Licensing of IPCC material, with clear and consistent meaning in all legal jurisdictions, is essential to facilitate its appropriate use to address pressing climate change challenges, while protecting the rights of data providers.
Callout
The IPCC reports and data are licensed separately!
IPCC reports are published under a copyright license that prohibits commercial use and the creation of derivative products, unless discussed first and then given permission by the IPCC Secretariat. This license is applied to protect IPCC reports from distortion since these are accepted by member governments, or approved in the case of the Summary for Policymakers, and adopted in the case of the Synthesis Report. If the same license was applied to data products, it would severely limit their usefulness and value. A different IPCC data license is required to allow the creation of derivatives for the pursuit of research and the re-use of IPCC data-based products for national assessments, adaptation and mitigation policies.
Classifying Data Types
TG-Data distinguishes three categories of data: input data, intermediate assessment data, and final assessment data.
Input data denotes the source data that underpins information in the assessment reports. It is typically authored by credible, authoritative, trusted sources, who decide under which license it is published.
Intermediate assessment data is the outcome of data processing and analysis performed as part of the assessment as an intermediate step in the generation of final assessment data. Data is only defined as intermediate if it has gone through non-trivial processing to be considered an original product, distinct from the input data.
Final assessment data refer to data which is directly presented in data tables or graphically displayed (e.g. as a line graph or a spatial map) in the report.
Source code refers to scripts, online code repositories, and software libraries written to create intermediate and final assessed data, as well as the figures included in the reports.
Licenses For Different Data Types
Input data shall be licensed under the same license terms and conditions imposed by the data providers. Input data copyright holders are encouraged to adopt well-known licenses enabling broad usage, including commercial use, and avoid “ShareAlike” licenses.

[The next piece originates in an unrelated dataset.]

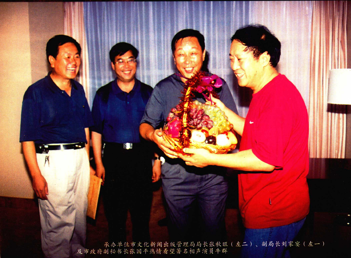
承办单位市文化新闻出版管理局局长张秋旺(左二)、副局长刘家宴(左一)及市政府副秘书长张国平热情看望著名相声演员牛群

Intermediate and final assessment data should be licensed under the Creative Commons Attribution 4.0 International (CC BY 4.0) license, where this does not infringe the interests of relevant license holders. The Creative Commons family of licenses are designed to provide legal interoperability across virtually all jurisdictions.
When input datasets are published under restrictive licenses, waivers or exemptions can be sought for the IPCC assessment reports. These waivers should be negotiated with copyright holders by Working Group co-chairs, with guidance from TG-Data representatives.

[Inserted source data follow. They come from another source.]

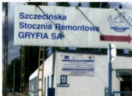
Wejście do Stoczni Gryfia S.A.

W strefie tej, jak podaje portal Gazeta.pl z 16 lipca 2012 r., znajdują się wszystkie tereny stoczni – 41 hektarów. Tylko 5,4 hektara będzie wykorzystywane pod produkcję stoczniową.
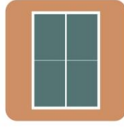
Tênis de Mesa
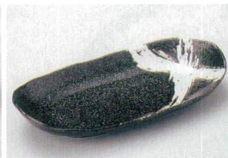
283-07-541 950円 0154283007 黒釉白刷毛長皿 (26.5×13.5×4.5cm)
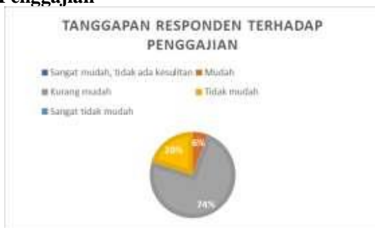
Gambar 5. Penggajian

Sebanyak 26 UMKM atau 74% kesulitan dalam menggaji karyawan. Responden menjelaskan alasannya karena penjualannya yang tidak stabi. 7 UMKM atau dengan persentase 20% masih mudah menggaji karyawan dan 2 UMKM atau dengan persentase 6% mampu menggaji karyawan.
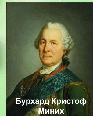
Бурхард Кристоф Миних

Указ о «верноподданных» мастеровых (1736 г.)
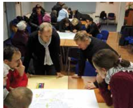
První veřejné setkání v rámci přípravy nového územního plánu obce.
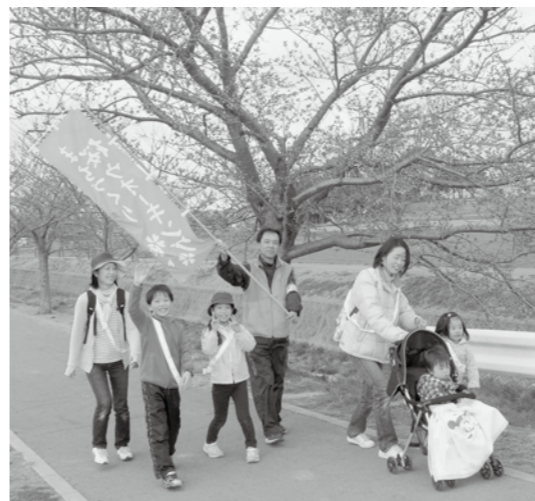
▲ 曇川沿いの桜並木もまだちらほら咲きでした。満開が待ち遠しいね
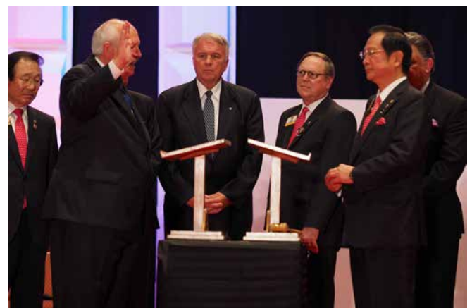
7. Corlewin vala.
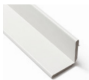
FLEXILIST 2700 MM Dim. 4 x 50/70 mm

These waivers would ensure that derivative products can be licensed by the IPCC under CC BY 4.0, and that the version used by the assessment report is curated in a long-term archive, either by IPCC DDC or another trusted data repository. If exemptions cannot be obtained from the copyright owners, the applicable licenses of input data will apply.
To ensure maximal reusability of source code, similarly to data, code should be published under permissive (non- copyleft) open source licenses that do not restrict commercial use.
Challenge 1: Can you classify the following data types?
- A map used in the report
- Output from a CMIP6 model
- Model agreement on changes in temperature in a warming scenario
- A map used in the report: Final
- Output from a CMIP6 model: Input
- Model agreement on changes in temperature in a warming scenario: Intermediate
Key Points
- Data can be classified into input, intermediate assessment, or final assessment data.
- Input data shall be licensed under the same license terms and conditions imposed by the data providers.
- Data produced as part of the IPCC assessment, be it intermediate or final assessment data, shall be published, wherever possible, under the CC BY 4.0 license.